» **Aim of the exercise**
Each entry must be given again exactly; images do not belong in the copy.

|---|

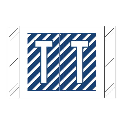 These are Tabbies 12000 Compatible Letter “T” Alpha Labels. Each label wraps around the end of a file folder to label that folder for alphabetical filing. These labels are striped royal blue with a double white letter “T” character. The “T” will be visible on each side of the folder when applied. Each label is 1″ wide x 1-1/2″ high. Labels are laminated and sold in roll of 500.
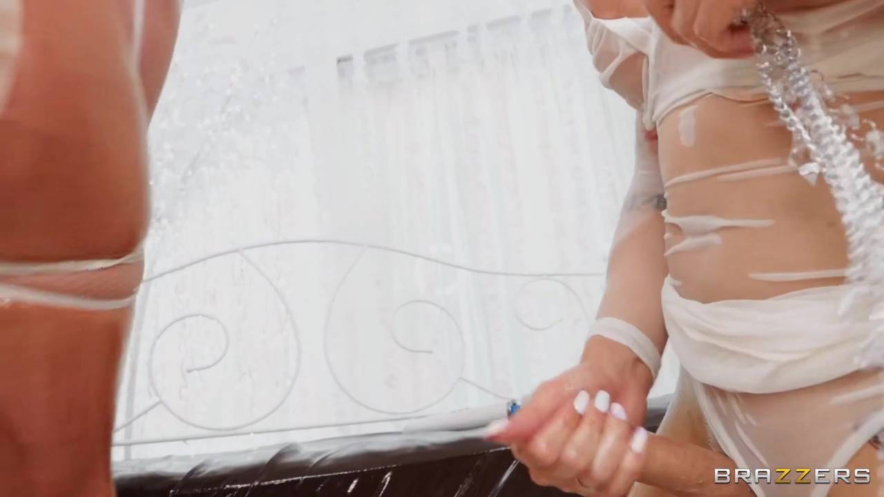 Una bella trans bionda si fa accarezzare il cazzo da una milf perversa che si eccita vedendola coperta di olio. Ha bisogno del suo cazzo!
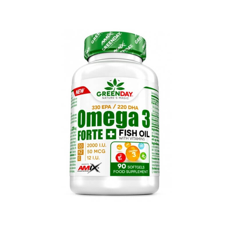Omega3 Forte + від популярного англійського бренду Amix – біоактивна добавка із колекції Greenday, натуральний збалансований продукт, до складу якого входить високоякісний жир риби екологічно чистих північних морів з високим вмістом ненасичених жирних кислот Омега3. Основний інгредієнт доповнений вітамінами, що посилюють позитивний вплив на організм цієї біодобавки.
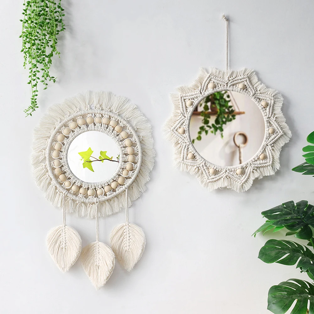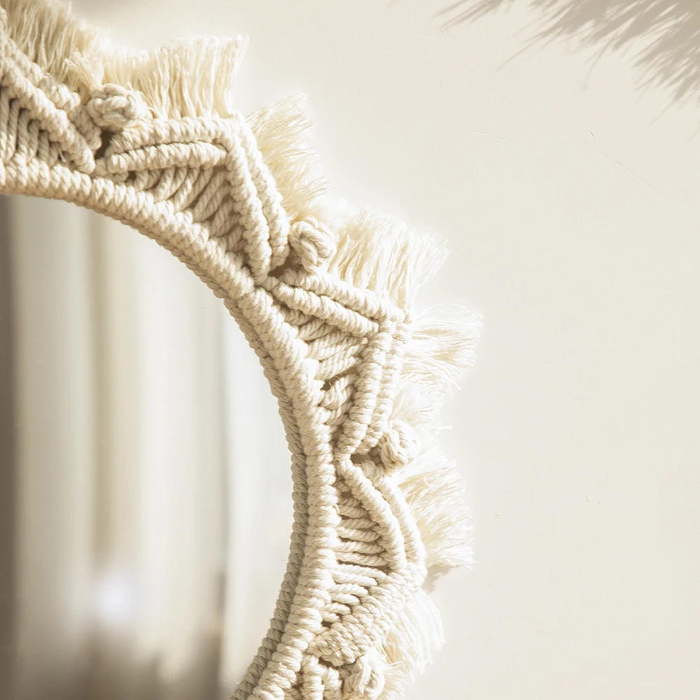 3. Wspaniały minimalistyczny Design: unikalne artystyczne lustro makramy to świetny sposób na dodanie pionowej przestrzeni! Geometryczne lustro makramy przyciągnie oko i sprawi, że twój pokój będzie elegancki.
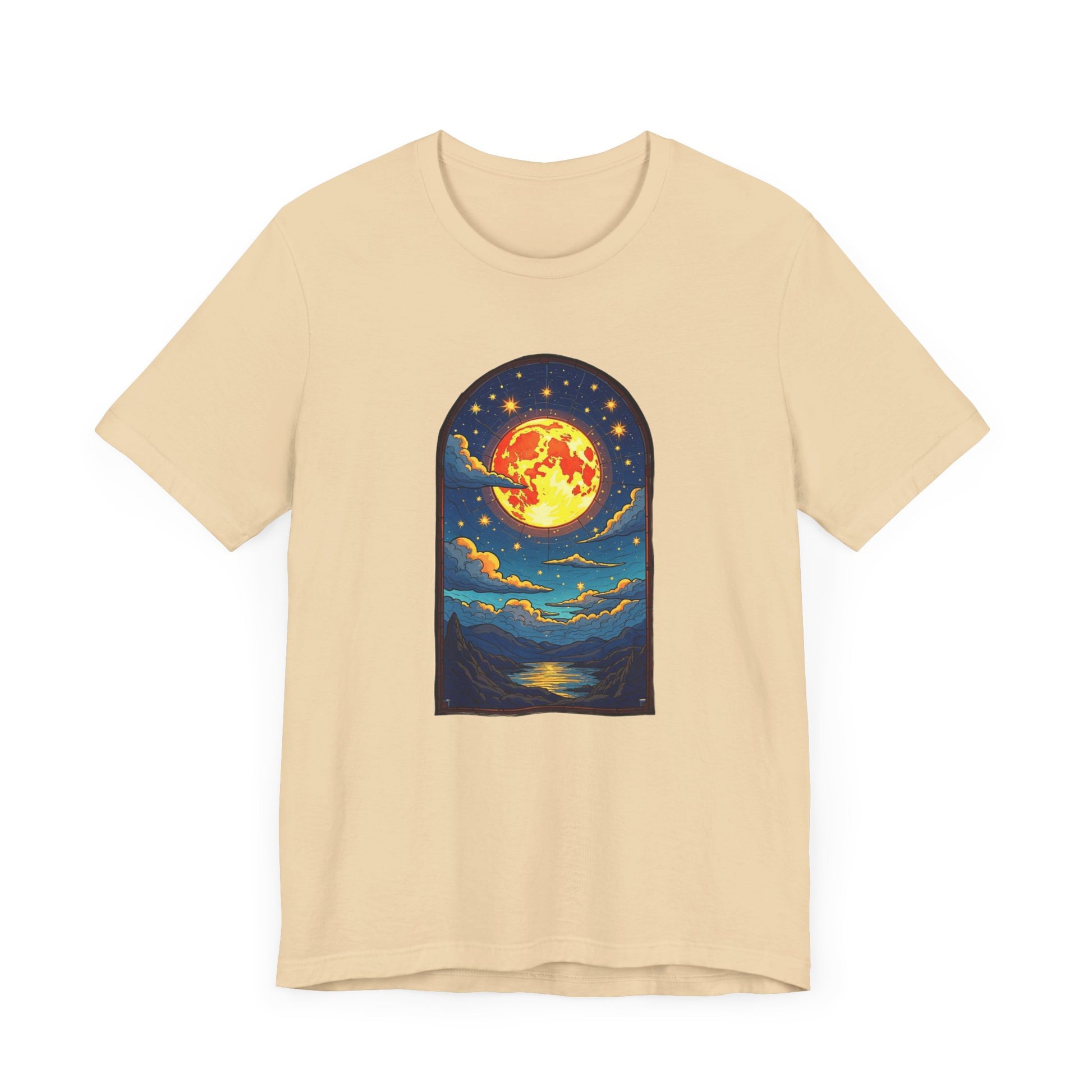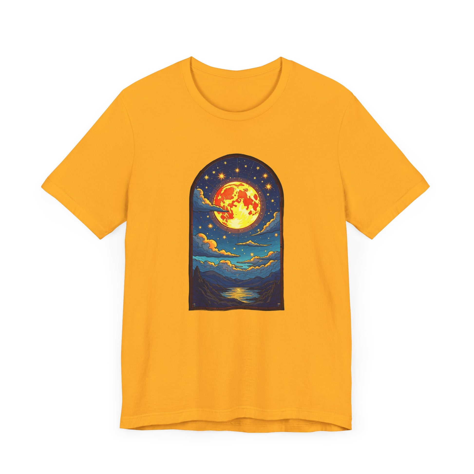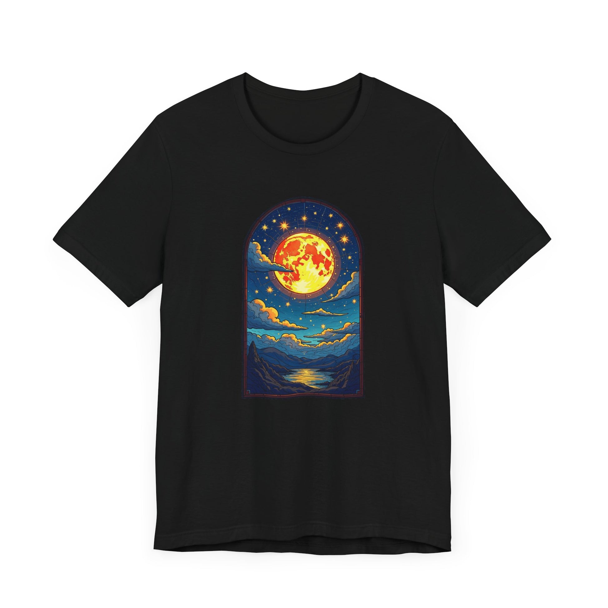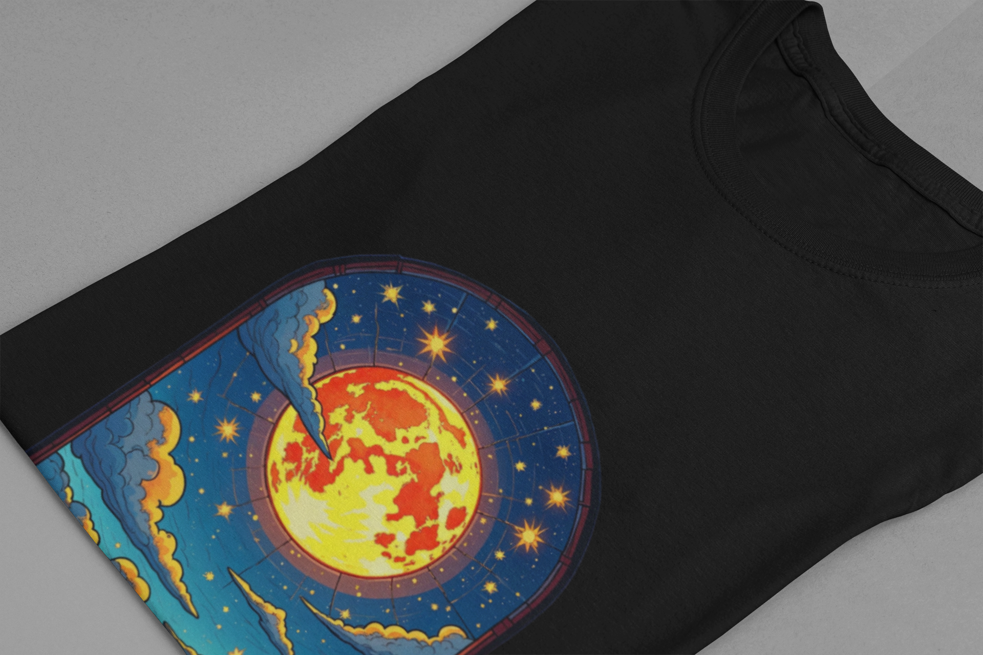 Immerse yourself in a mystical night scene with this captivating t-shirt featuring a view from a large castle window. At the center glows a radiant full moon in shades of yellow, orange, and red, encircled by a luminous halo. Below, mountains, clouds, and water reflect the moon’s enchanting light, while glowing stars twinkle in the sky. This atmospheric design evokes fantasy and serenity, perfect for lovers of castles, moonlit landscapes, and magical nights. Made from soft, high-quality fabric for comfortable wear and striking style

|---|

» **Task result**
 These are Tabbies 12000 Compatible Letter “T” Alpha Labels. Each label wraps around the end of a file folder to label that folder for alphabetical filing. These labels are striped royal blue with a double white letter “T” character. The “T” will be visible on each side of the folder when applied. Each label is 1″ wide x 1-1/2″ high. Labels are laminated and sold in roll of 500.
 Una bella trans bionda si fa accarezzare il cazzo da una milf perversa che si eccita vedendola coperta di olio. Ha bisogno del suo cazzo!
Omega3 Forte + від популярного англійського бренду Amix – біоактивна добавка із колекції Greenday, натуральний збалансований продукт, до складу якого входить високоякісний жир риби екологічно чистих північних морів з високим вмістом ненасичених жирних кислот Омега3. Основний інгредієнт доповнений вітамінами, що посилюють позитивний вплив на організм цієї біодобавки.
 3. Wspaniały minimalistyczny Design: unikalne artystyczne lustro makramy to świetny sposób na dodanie pionowej przestrzeni! Geometryczne lustro makramy przyciągnie oko i sprawi, że twój pokój będzie elegancki.
 Immerse yourself in a mystical night scene with this captivating t-shirt featuring a view from a large castle window. At the center glows a radiant full moon in shades of yellow, orange, and red, encircled by a luminous halo. Below, mountains, clouds, and water reflect the moon’s enchanting light, while glowing stars twinkle in the sky. This atmospheric design evokes fantasy and serenity, perfect for lovers of castles, moonlit landscapes, and magical nights. Made from soft, high-quality fabric for comfortable wear and striking style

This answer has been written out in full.